Ganz anders sieht das die Verei­ni­gung badisch-pfälzi­scher Karne­val­ver­ei­ne, die viel Wert auf große Veran­stal­tun­gen legt. Schatz­meis­ter Walter Egers­dör­fer ist traurig, weil die im Fernse­hen vor Corona live übertra­ge­ne Prunk­sit­zung ins Wasser gefal­len ist. Kaum ein Trost sei, dass am 27. Febru­ar ein Zusam­men­schnitt der Sitzun­gen der vergan­ge­nen Jahre im SWR-Fernse­hen gesen­det werde. Das weite­re Programm wird nach hinten verlegt: Das Turnier der Männer­bal­let­te in der Deides­hei­mer Stadt­hal­le wird am 21./22 Mai ausge­tra­gen, im Juli werden altge­dien­te Karne­va­lis­ten im Fasnachts­mu­se­um in Speyer mit der Auszeich­nung Golde­ner Löwe bedacht.

«Viele der Mitglie­der stehen wegen Corona finan­zi­ell mit dem Rücken zur Wand», sagte Egers­dör­fer. Dabei gehe es den 200 Mitglieds­ver­ei­nen aus Baden noch vergleichs­wei­se gut. Baden-Württem­bergs Landes­re­gie­rung habe den Verei­nen mit 400.000 Euro unter die Arme gegrif­fen. Je nach Größe seien 800, 1200 und 1400 Euro an die Verei­ne verteilt worden. Die rund 160 Mitglieds­ver­ei­ne aus Rhein­land-Pfalz seien leer ausge­gan­gen.
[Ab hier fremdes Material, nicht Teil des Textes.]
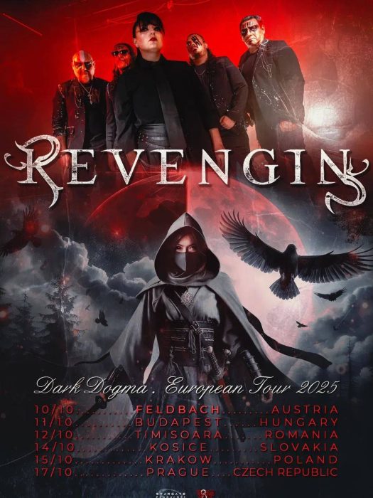 A “Dark Dogma European Tour 2025”, que já passou por Minas Gerais, Rio de Janeiro e São Paulo, levará a Revengin a seis países do leste europeu, passando por cidades importantes da cena metal: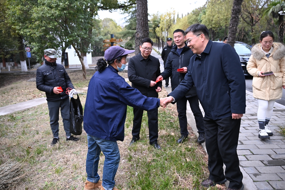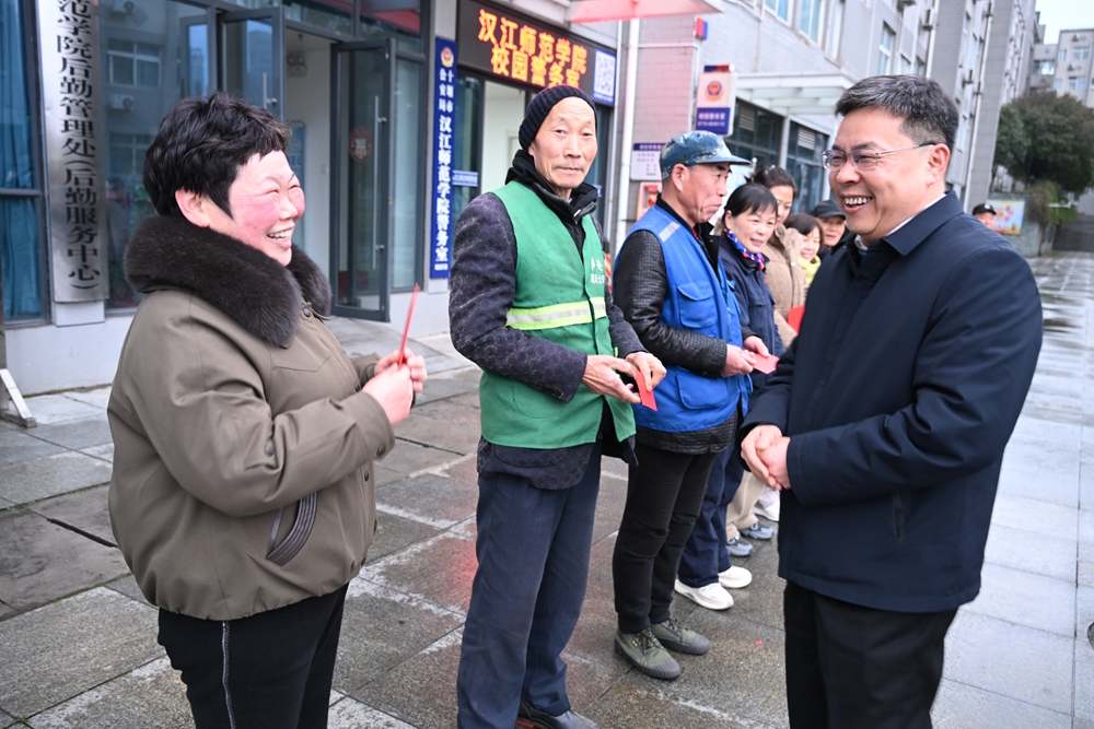 下午,付永昌一行来到丹江口校区,亲切看望并慰问了坚守在该校区的一线教职员工,对大家在过去一年中的辛勤付出表示肯定,并祝愿大家在新的一年里工作顺利、阖家幸福。

Egers­dör­fer sagte mit einem Schmun­zeln: «Manche Verei­ne haben schon überlegt, ihren Sitz nach Baden-Württem­berg zu verlegen.»

Die 1924 gegrün­de­te VSAN mit Sitz in Bad Dürrheim (Schwarz­wald-Baar-Kreis) ist eine der ältes­ten Narren­ver­ei­ni­gun­gen Deutsch­lands. In ihr sind 68 Narren­zünf­te aus den Regie­rungs­be­zir­ken Freiburg, Tübin­gen und Stutt­gart, dem bayeri­schen Regie­rungs­be­zirk Schwa­ben sowie fünf Kanto­nen in der Schweiz zusammengeschlossen.